Moro yogurt vs. Brown Cow

On the left is homemade yogurt with strawberry jam. What's on the right was marked down at Whole Foods this week.

Although I make yogurt all the time, I've hesitated to send a child to school with homemade yogurt in a canning jar because I worried it might be embarrassing, like going to school in a dress made from a flour sack. But Owen, who is a 9-year-old ecofreak, loved the idea. I questioned whether, for all his scruples, he would find strawberry jam an acceptable substitute for "fruit-at-the-bottom." He did. Amazing. It has really bugged me to make great yogurt and then feed the kids expensive and mediocre single-serving cartons of Dannon/Yoplait/Brown Cow just because they're pre-sweetened and portable. Non-serious problem now solved.

As for the yogurt itself, I used the Moro recipe, which is much fussier than my go-to recipe in Anne Mendelson's Milk. 
 
Mendelson's recipe involves heating milk and cooling it, adding a few spoonfuls of "starter" yogurt then putting the mixture somewhere warm to sit overnight.  In the morning, you strain the yogurt for a few hours to thicken. It's like Greek yogurt, and it's fabulous. (This is virtually identical to Mendelson's formula, and if you've never made yogurt, you should try it.)

The Moro recipe calls for boiling milk until it reduces by a third, which takes a while, then adding cream. You cool this decadent mixture, stir in your starter, and put it somewhere warm to sit overnight. It is also fabulous, perhaps slightly more fabulous than Mendelson's yogurt, if not fabulous enough to merit the extra effort. It is also extremely fattening.
 
Still, I count this yogurt as one more reason to love the Moro cookbook.

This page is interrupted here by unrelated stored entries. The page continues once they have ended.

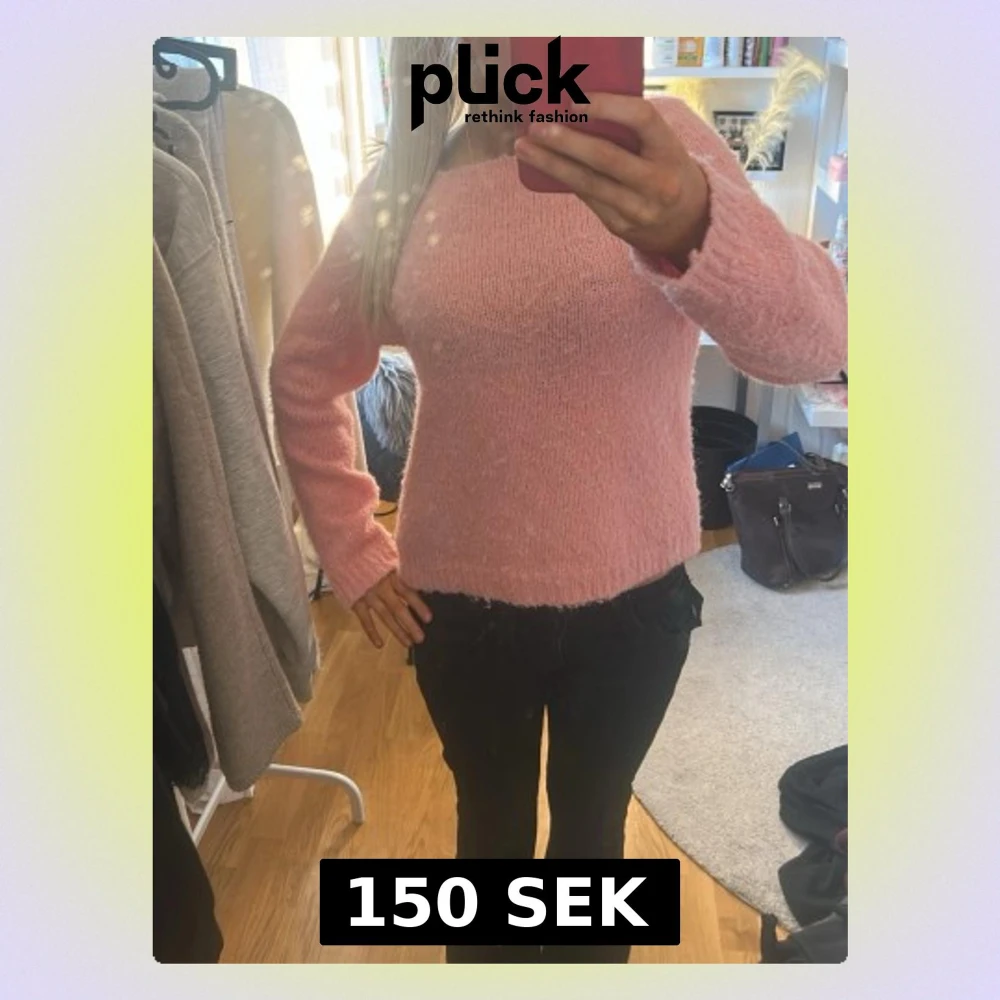 Mysig ljusrosa stickad tröja med fluffig textur och rund hals. Tröjan har långa ärmar och en rak passform som ger en avslappnad look. Perfekt för dig som gillar en söt och enkel stil.
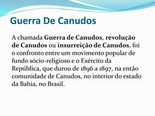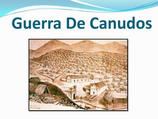 A Guerra de Canudos foi um conflito entre 1896-1897 na Bahia entre um movimento popular liderado por Antônio Conselheiro e o exército da República. A situação precária no Nordeste levou à revolta em Canudos, que resistiu por 10 meses até ser destruída pelas tropas federais após pedido de apoio do governo da Bahia. A violência oficial foi usada para calar aqueles que lutavam por direitos sociais.
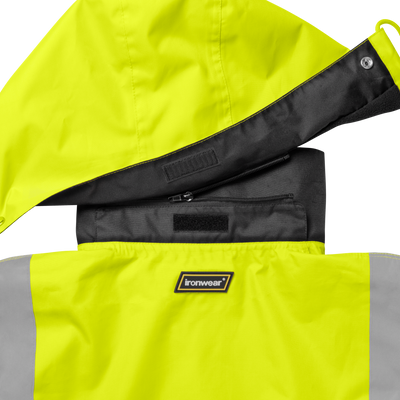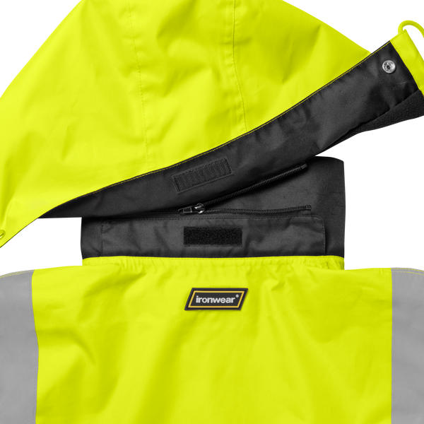 Class 3 Two Tone Hi Vis Drawstring Hooded Bomber Jacket w/ Reflective Tape
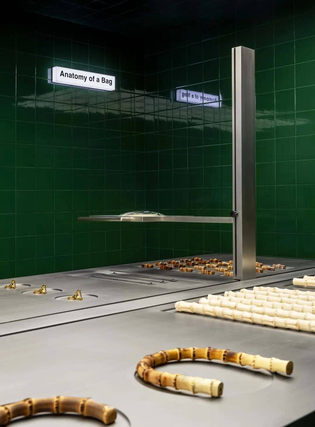 Gucci Bamboo 1947系列竹节手袋经过品牌工匠长达13小时的精心组装,历经428个步骤后才得以华丽诞生。此展厅揭示了手袋的复杂构造,采用类似解剖学的方式逐一展示手袋的各个部件。
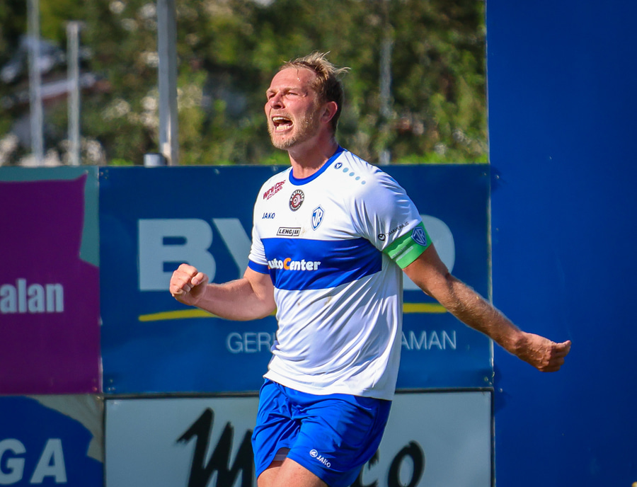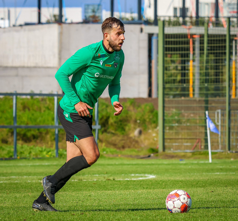 Ágúst er í hægra hálfsvæðinu og gefur boltann á Bergvin sem er aðeins fyrir aftan D-bogann. Hann lætur vaða og boltann endar í stönginni og í markspyrnu
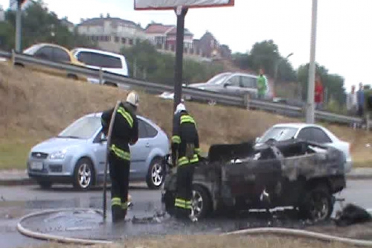 Несколько пожарных машин пытались потушить возникшее возгорание, но от авто осталось только жалкое подобие
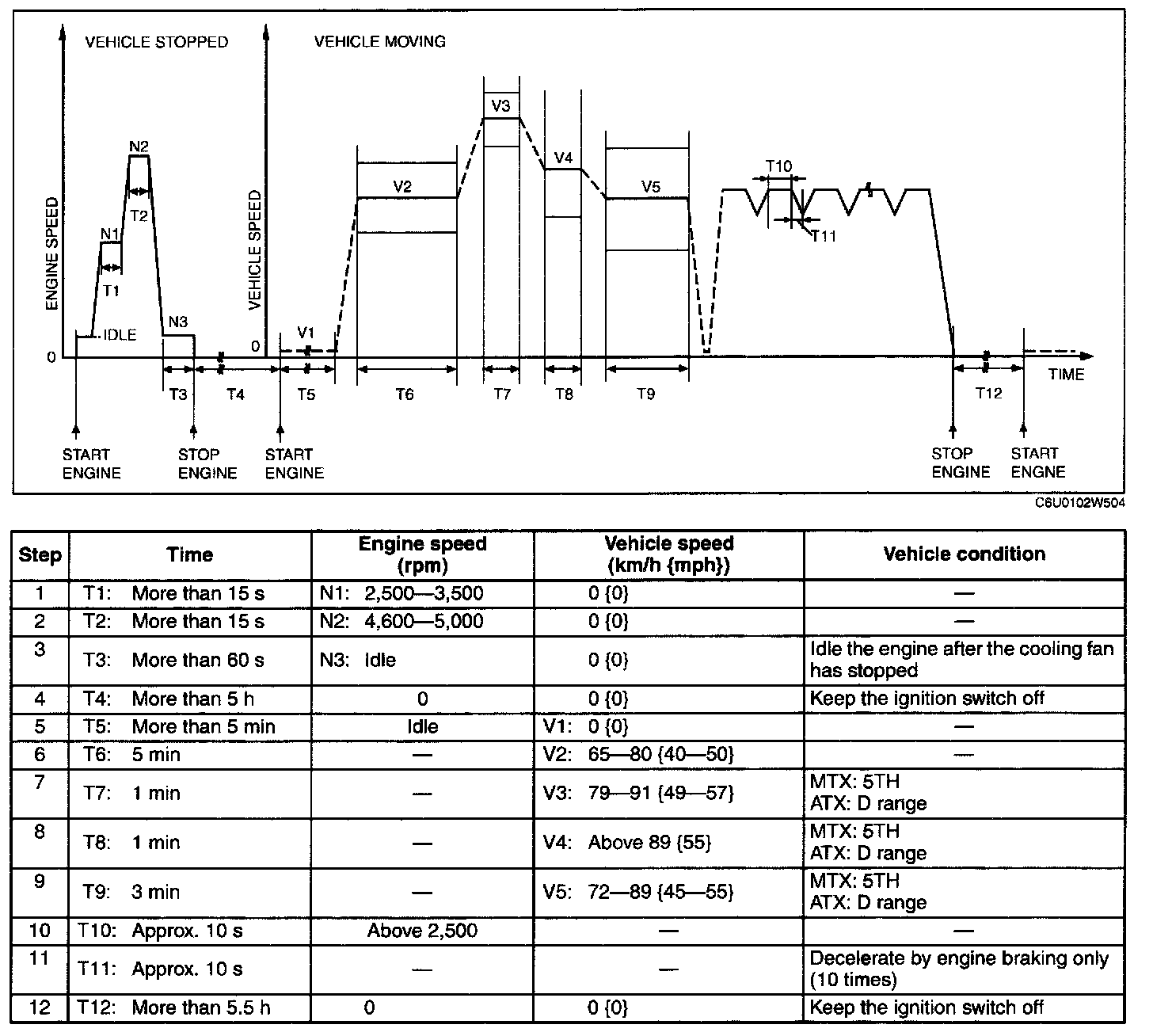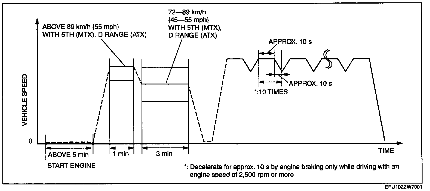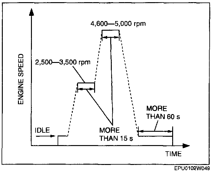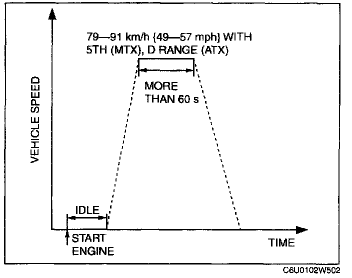 6. Drive the vehicle at an engine speed of 65-80 km/h {40-50 mph} for more than 5 mm.

In other news, I finally got around to reading Girl with the Dragon Tattoo. Not for everyone, this best-selling mystery, as it is lurid, grisly, intricately (some might say "implausibly") plotted, and overpopulated with sadistic Swedish sex maniacs. I never wanted it to end. Have now embarked on the sequel instead of taking down the Christmas tree. There are times when serial killers are better companions than sentimental Christmas ornaments, though I really do need to take down that tree.